I am a fan of her cooking shows "Everyday Italian" and "Giada At Home". She makes preparing elegant Italian dishes seem quite simple and easy to accomplish for amateur cooks like myself. 

So what in the world does Giada have to do with FBA’s & behavior?

Some professionals in the field of ABA do clients a disservice when they cannot break down complicated, jargon- filled terminology to explain behavior in such a way that a busy parent with 3 kids or a stressed out 2nd grade teacher can apply these techniques. If you are a professional reading this blog, understand that much of what you think up/write as an ABA professional will be implemented by someone other than you. You can spend hours writing an amazing intervention, but if you can't get the family members or teachers to carry out your intervention then what's the point?

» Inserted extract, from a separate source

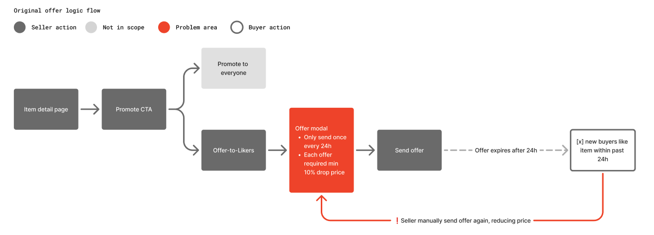 Mercari’s seller promotional feature, Offer-to-Likers, drove 7% of orders, but it's rigid rules prevented sellers from promoting to new Likers unless they dropped prices again. This limited reach and conversion during peak buyer interest. The goal is to redesign the offer logic and interface to let sellers automatically extend active offers to new Likers, without introducing friction.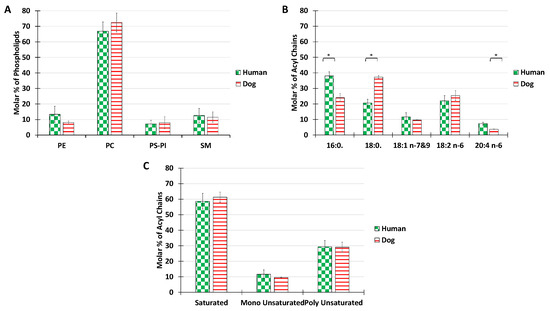 Lipid composition of SF from the knee joints of dogs and human healthy volunteers. The molar percentage of phospholipid classes in the total PL extract (A), acyl chain distribution in the total PL extract (B), and molar percentage of saturated, monounsaturated, and polyunsaturated acyls present in the total PL extract (C). Lipids were quantified as described in Materials and Methods. Data are presented as the mean ± SD of 5 dogs and 7 humans. p-values (t-test) less than 0.05 were considered significant (*).

Part of my responsibility as an ABA professional is to teach and train people at a level that makes ABA seem easy to understand and carry out. That is part of providing effective treatment to clients. A FBA, or a Functional Behavior Assessment is a behavior analytic tool that I will explain in this post (A FA, or Functional Analysis, is a more complex way to determine the function of a behavior by manipulating the environment. A full FA should always be conducted by an experienced ABA professional). Understanding an FBA is critical to any ABA program.


Now for the disclaimer:
A FBA is a tool used to determine the function of a behavior, and then design a function based intervention.  This post is intended to be a brief introduction to the FBA process. If you are having behavioral issues with your child/client, it is always  recommend you contact a Behavior Analyst to conduct a  comprehensive FBA and design a behavioral intervention, rather than try to create an intervention yourself. To put it another way, watching “Everyday Italian” does not qualify me to open an Italian restaurant. It’s a basic understanding at a limited knowledge level.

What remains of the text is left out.